Understanding the difference helps you choose the right link type for your situation:

• Symbolic links store a path to the target. They work across filesystems and can point to directories, but break if the target moves or is deleted.
• Hard links share the same inode as the original file. They only work within the same filesystem and cannot link to directories, but remain valid even if the original filename is deleted (since both names point to the same data).

For most use cases involving shortcuts, configuration management, and cross-filesystem links, symbolic links are the appropriate choice.

Key Benefits of Using Symbolic Links

• Simplifies file access by creating quick shortcuts to deeply nested directories or frequently used files
• Centralizes configuration management by linking configuration files instead of copying them across multiple locations
• Works across different filesystems unlike hard links, symbolic links can point to files stored on different partitions or external storage devices
• Improves script management by linking scripts or binaries to commonly accessed directories such as /usr/local/bin, allowing execution from any location

Create Symbolic Links on Ubuntu

The ln command creates symbolic links in Ubuntu. To ensure you create symbolic links rather than hard links, include the -s option with the command.

Basic Syntax

ln -s [target] [symlink_name]

• [target] refers to the original file or directory the symlink will point to
• [symlink_name] is the name of the symbolic link being created

Common ln Options Explained

The ln utility ships with the GNU coreutils package on Ubuntu and includes several helpful switches. Understanding what each option does prevents accidental overwrites and hard-to-trace mistakes.

Option	What it does	When to use it
-s	Creates a symbolic link instead of a hard link.	Always include this flag when you need a symlink.
-f	Removes an existing destination before creating the new link.	Safe way to update links without manual cleanup.
-n	Treats the destination as a normal file, even if it is a directory symlink.	Prevents ln from following an existing directory symlink.
-T	Forces ln to treat the link name as a file, not a directory.	Helpful when the destination path might already exist as a directory.
-v	Prints verbose output as the link is created.	Use during troubleshooting to confirm results.

Example: Creating a Symlink to a File

Create a symlink in your home directory pointing to the Nginx configuration file:

ln -s /etc/nginx/nginx.conf ~/nginx.conf

This creates a symlink in the home directory pointing to the actual Nginx configuration file. Instead of navigating to /etc/nginx/nginx.conf, you can access it quickly using ~/nginx.conf.

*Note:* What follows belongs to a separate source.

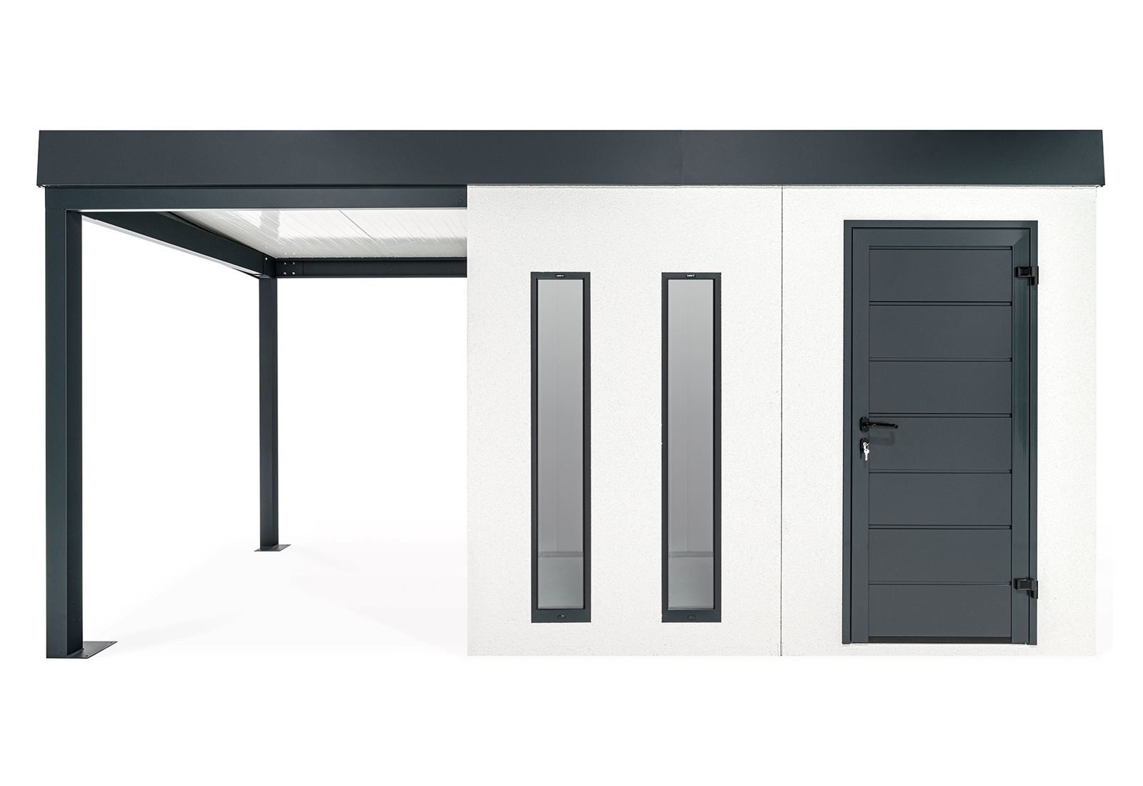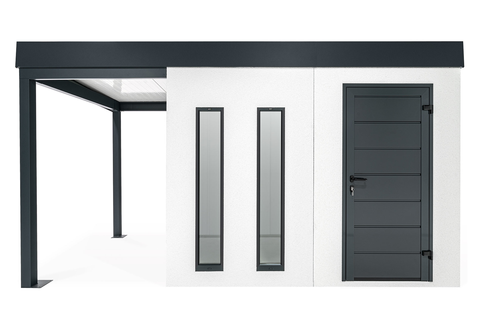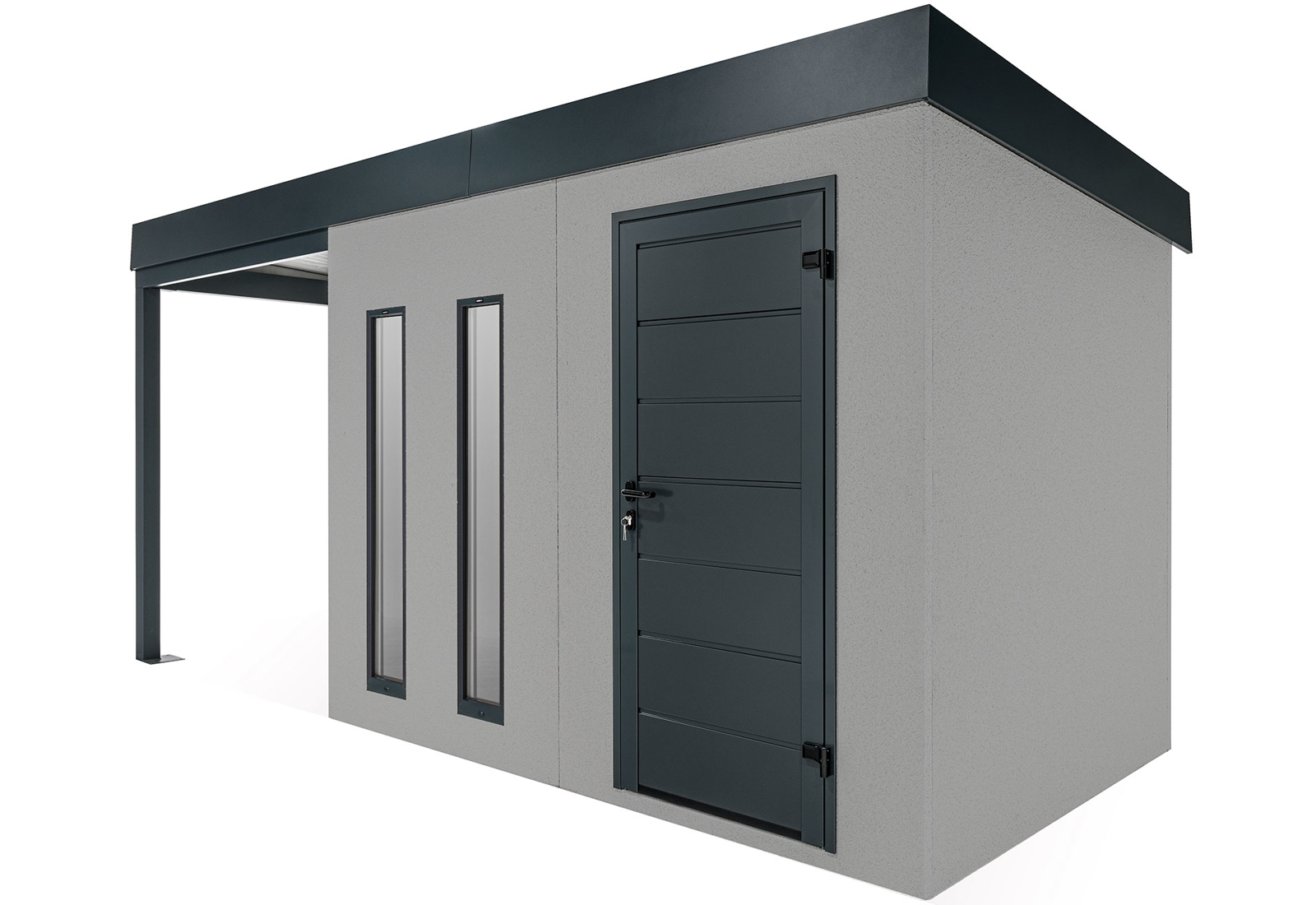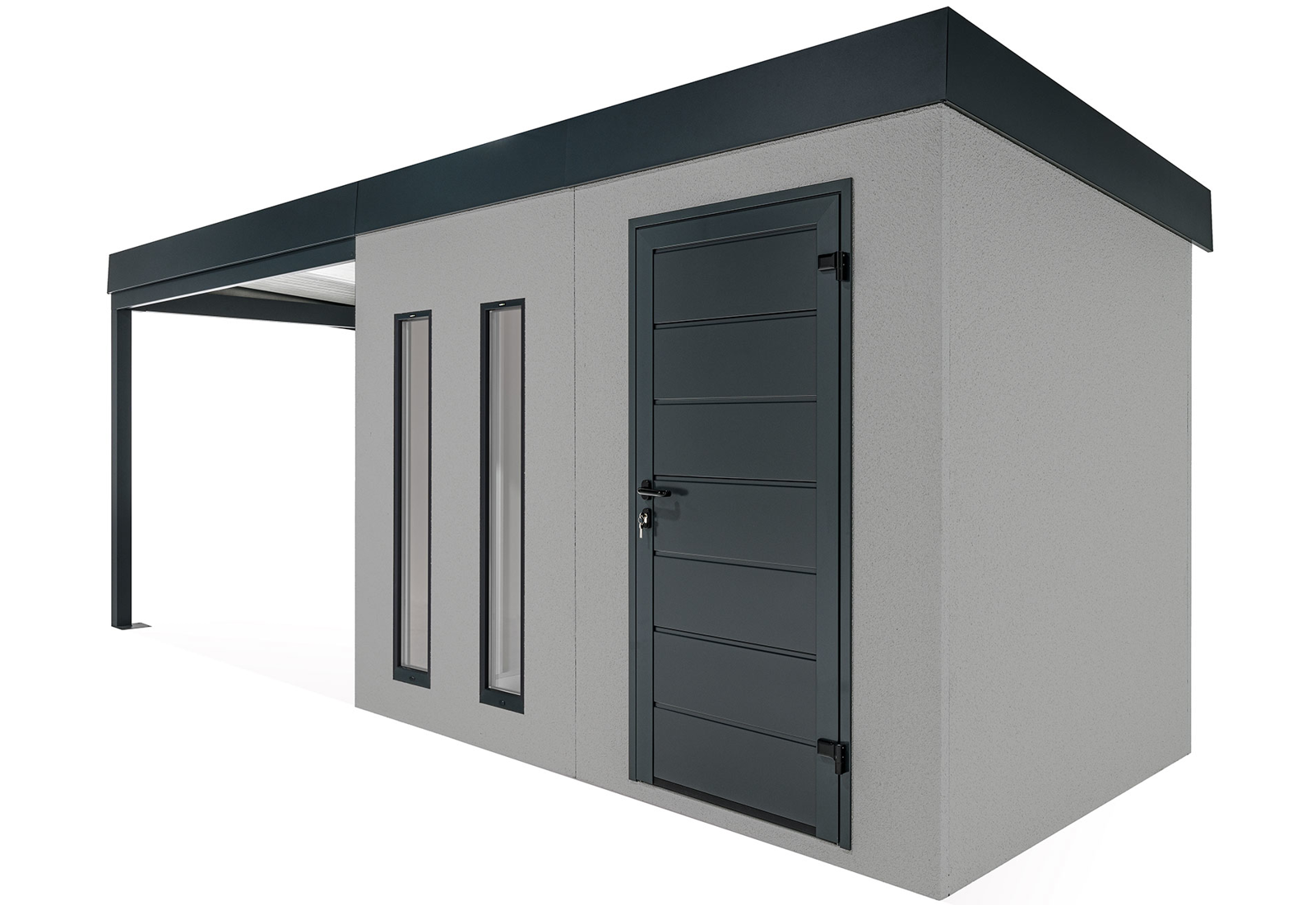 Objevte inovaci ve stavebnictví – montované zahradní domky GARDEON® s hotovou designovou omítkou od švýcarské značky KABE. Celoroční fasáda je samočistící a s lehkostí odolá vodě, vysokým teplotám i všem rozmarům počasí. Díky naší unikátní technologii má ocelová stěna tloušťku pouhých 5 cm a oproti 20centimetrové klasické zděné stěně tak významně ušetříte prostor na své zahradě i uvnitř zahradního domku.

Verify a Newly Created Symlink

Confirm the link worked as expected before relying on it in scripts. A quick ls -l reveals the arrow (->) that shows the target, while readlink resolves the final destination:

ls -l ~/nginx.conf

Expected output showing the symlink and its target:

lrwxrwxrwx 1 user user 21 Jan 27 10:00 /home/user/nginx.conf -> /etc/nginx/nginx.conf

The l at the beginning indicates a symbolic link, and the arrow (->) shows the target path. Use readlink -f to resolve the full absolute path:

readlink -f ~/nginx.conf

/etc/nginx/nginx.conf

If the output does not point where you expect, recreate the link with the correct path or use the -f flag to replace it safely.

Creating Symbolic Links for Directories

Symlinks can also point to directories, making navigation simpler. This is particularly useful for web development, where project directories often live in deeply nested paths.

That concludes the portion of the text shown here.